John Quincy Adams - Adams' nonpartisan appointments
It throws an interesting, if not strange, light on the politics of the time that one of Adams' chief blunders was simply his fair and high-minded treatment of his political enemies. The era of the "spoils system" did not reward political integrity of the sort that refused to kick men out of office merely because they were performing their jobs ably. The Jacksonians and their Whig successors judged political appointees not so much by the quality of their public performance as by their loyalty to the man or the party in power. Adams had the quaint notion that appointments should go not to the politically friendly but to the worthy.
At the outset of his administration, Adams said that he was "determined to renominate every person against whom there was no complaint"—no complaint, that is, about his professional performance. And he lived up to his promise, despite being impor-tuned to serve his friends and reproved for overlooking them. He indeed would not—and did not—replace "able and faithful political opponents to provide for [his] own partisans." By Adams' old-fashioned standards, partisan appointments would have been a misuse of his presidential powers. He removed only twelve officeholders during his presidency and did so in each case on the grounds of the incumbent's "gross negligence." Clay and other of Adams' astute supporters bemoaned the president's unwillingness to remove John McLean, the postmaster general, and a host of lesser-known officials, all of them working behind the scenes to undermine the Adams administration. Adams brushed aside all evidence of the political disloyalty of these men as irrelevant: the only thing that mattered was whether they were performing their jobs ably. Of course, as Clay rightly argued, it mattered a great deal to Adams' chances for success in the 1828 presidential election that his administration was in effect filled with traitors to his cause, men working to bring about his downfall.

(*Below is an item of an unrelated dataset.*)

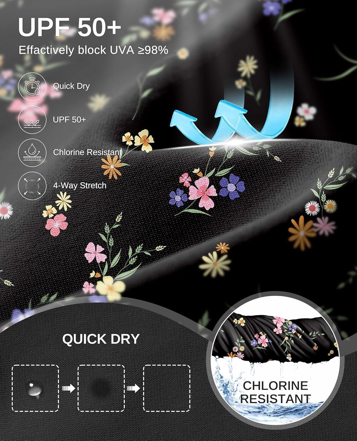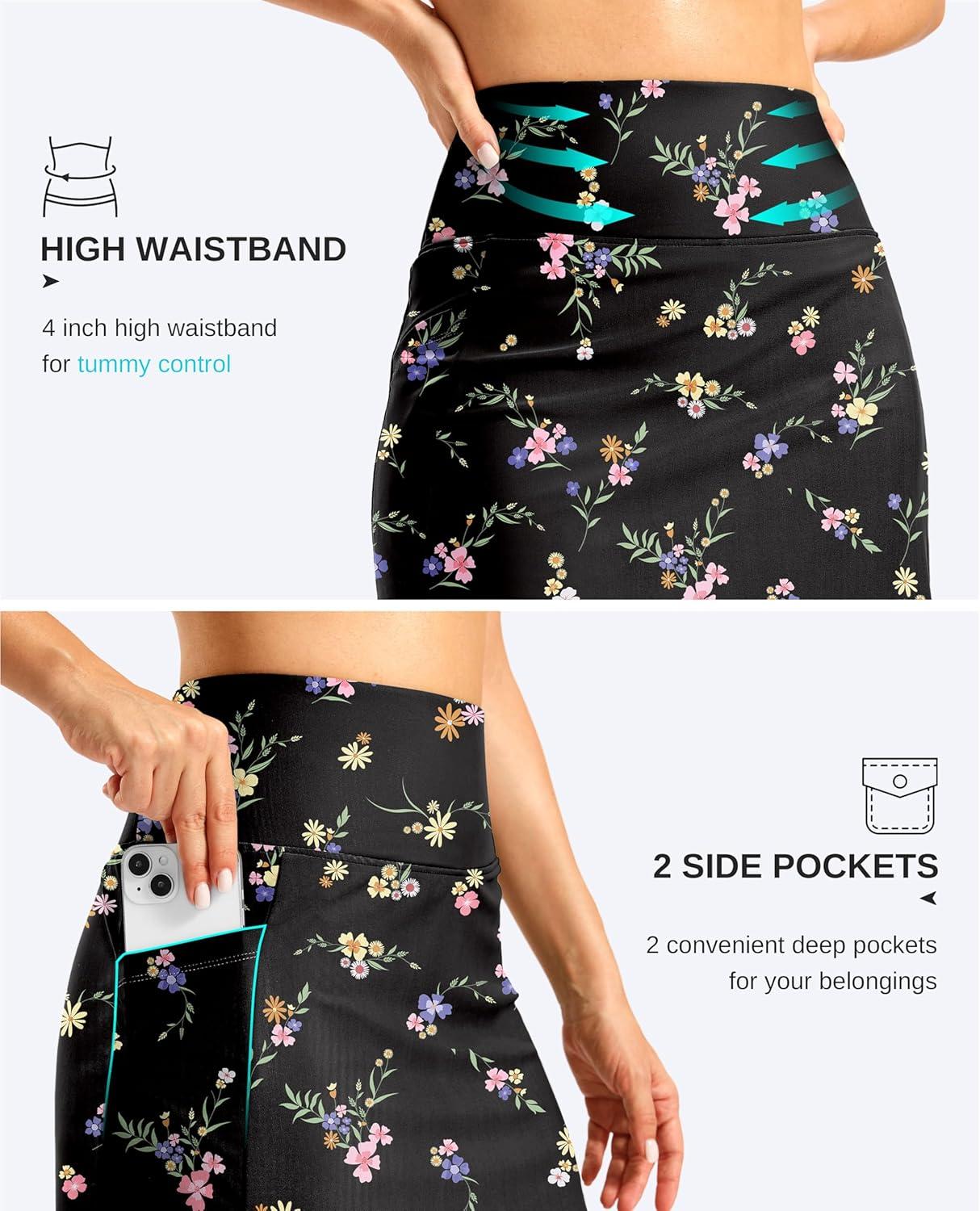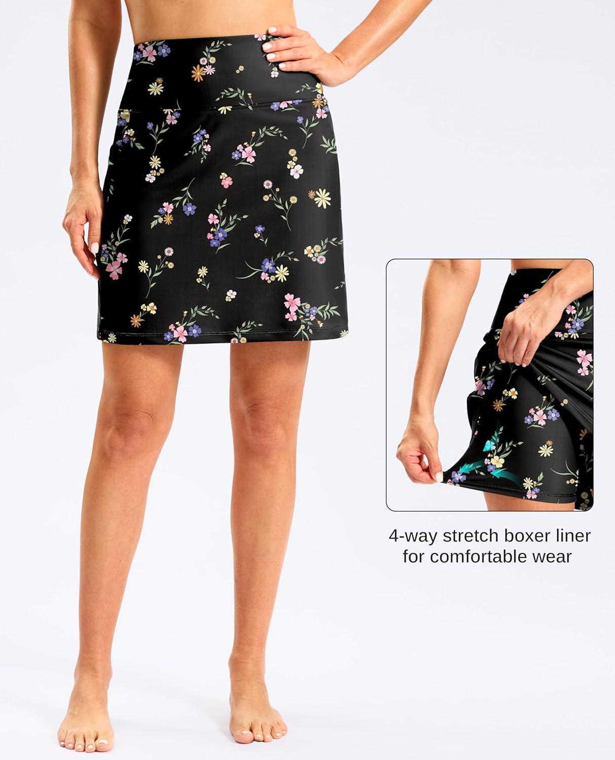 G Gradual Women's 18" Long Swim Skirt with Pockets High Waisted Modest Swimsuit Tummy Control Bathing Suit Bottoms for Women(Black Floral)

Adams was not unaware of the force of this argument, but he was too principled to let it affect his appointments policy. He appears to have contemplated his forthcoming political disaster reflectively, fortified by his conviction that the path he had taken was the moral one. Indeed it was and therein lay one of the chief causes of his subsequent undoing. That one of the Jacksonian leaders regaled the Senate with a thundering denunciation of Adams' allegedly partisan appointments policy only provides an example of the indifference of the president's enemies to the facts of the case.